Islamabad’s post-war push: A new Gulf security order takes shape

Regional powers are moving quickly to fill the vacuum before Washington can reassert control

By F.M. Shakil | The Cradle | April 22, 2026

US President Donald Trump’s decision to extend the ceasefire with Iran at Pakistan’s request has given Islamabad more time to push for a broader settlement between Washington, Tel Aviv, and Tehran. Yet even as diplomacy inches forward, the war has already triggered a deeper shift across West Asia.

A Pakistan-brokered truce is now tied to a broader regional realignment. Persian Gulf states, long dependent on Washington’s military shield, are openly questioning whether that shield still works. In its place, a new conversation has emerged: one centered on regional defense cooperation led by Muslim-majority states rather than the US.

Iran signaled cautious optimism last week about joining a second round of talks in Islamabad. Reports had suggested Tehran might refuse to attend after a US naval assault on an Iranian vessel in the Strait of Hormuz, but Trump’s decision to extend the ceasefire has bought negotiators more time.

That development reportedly pushed Pakistan’s army chief, Field Marshal Asim Munir, to press Washington for a ceasefire extension and an easing of the blockade. Trump’s decision to prolong the truce has partly addressed Iran’s conditions for rejoining negotiations, although the blockade remains in place.

Munir, who concluded a three-day visit to Tehran last week, has remained in direct contact with Trump while Pakistani Prime Minister Shehbaz Sharif has carried out parallel diplomacy in Saudi Arabia, Qatar, and Turkiye.

Yet another obstacle to an agreement is the status of the enriched uranium that Iran possesses. Latest updates reveal that both Russia and China have offered to store Iranian uranium to address a major US demand for a peace agreement.

A regional order without Washington

Parallel to the peace effort, intense diplomacy is underway between Saudi Arabia, Pakistan, Turkiye, and Egypt over a possible “Muslim” replacement for the US-led Gulf security architecture.

A quadripartite meeting on the sidelines of the Antalya Diplomacy Forum, held from 17–19 April in Turkiye, reportedly focused on lowering tensions and building a new regional security structure.

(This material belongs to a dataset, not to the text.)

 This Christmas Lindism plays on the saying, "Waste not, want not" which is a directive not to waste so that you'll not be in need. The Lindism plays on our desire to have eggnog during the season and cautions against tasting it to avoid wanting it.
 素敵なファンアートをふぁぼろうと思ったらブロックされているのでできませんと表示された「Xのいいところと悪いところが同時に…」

Sources speaking to The Cradle say there is now broad support for an “internal security apparatus” rooted in economic integration and defense coordination.

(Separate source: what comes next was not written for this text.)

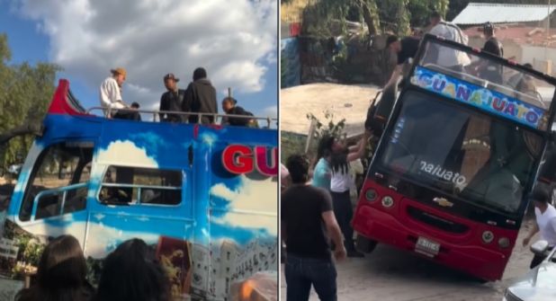 Guanajuato.- El rapero guanajuatense Ángel Jair Quesada Jasso, mejor conocido como Santa Fe Klan, se encontraba ayer en Guanajuato con motivo a que participaría este lunes por la noche en una fiesta eh honor a San Judas Tadeo, aunque horas antes decidió realizar un tour por la ciudad, ya que pensaba regalar dinero en el trayecto, sin embargo, cuando apenas empezaría el recorrido el camión Turibus de 2 pisos que había rentado le causó el susto de su vida.

Ankara has proposed what it describes as an “organized regional security platform” built around the idea that regional states, not outside powers, should be responsible for defending West Asia.

The urgency behind those discussions is easy to understand.

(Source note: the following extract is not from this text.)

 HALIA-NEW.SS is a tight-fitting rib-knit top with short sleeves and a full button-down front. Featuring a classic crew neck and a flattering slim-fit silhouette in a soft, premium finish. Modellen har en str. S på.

Several Arab states, particularly Saudi Arabia and Qatar, now believe that US bases in the Persian Gulf have become liabilities rather than assets. After Iranian strikes damaged or destroyed multiple US military facilities in the region, Gulf governments began to question whether the US presence protects them or simply turns them into targets.

Zahir Shah Sherazi, executive vice president of Bol News, tells The Cradle:

“Targeting the US bases and installations in the Gulf states, where American outposts were located, was a strategic and insightful military tactic of Iran that exposed the true nature of Washington. The Gulf nations came to understand that the US is unable to safeguard them, as its primary focus lies on the Zionist state and its expansionist ambitions.”

Sherazi states that the concept of a Greater Israel stems from the expansionist designs of the Zionist state, which is working on it in the West Bank, Lebanon, Gaza, and Syria under US protection. This situation, he argues, has worried the Gulf states, and even Turkiye is at risk of clashing with Israel in Syria and Lebanon.

These apprehensions led to the formation of a NATO-like force in West Asia, not to counter Iran but Israel’s expansionist designs. He says Iran may join this force after its war, making it a strong military alliance against the US and Israel.

Sunni alliance or regional deterrent?

Not everyone sees the proposed force in the same way.

Imtiaz Gul, executive director of the Center for Research and Security Studies (CRSS), tells The Cradle that the project could end up functioning as a Sunni coalition rather than a genuinely regional defense structure.

In his view, the force may ultimately suit both Washington and the occupation state because it could be used to contain Iran while protecting the oil-rich Arab monarchies.

“This force is perceived as a facilitator of the Abraham Accords, as it is designed to fortify regional alliances and counteract Iranian influence in the Middle East. This coterie may emerge as an alternative security arrangement, specifically for Saudi Arabia, as the US military bases have become liabilities rather than functioning as a protective umbrella for the Gulf and Arab states.”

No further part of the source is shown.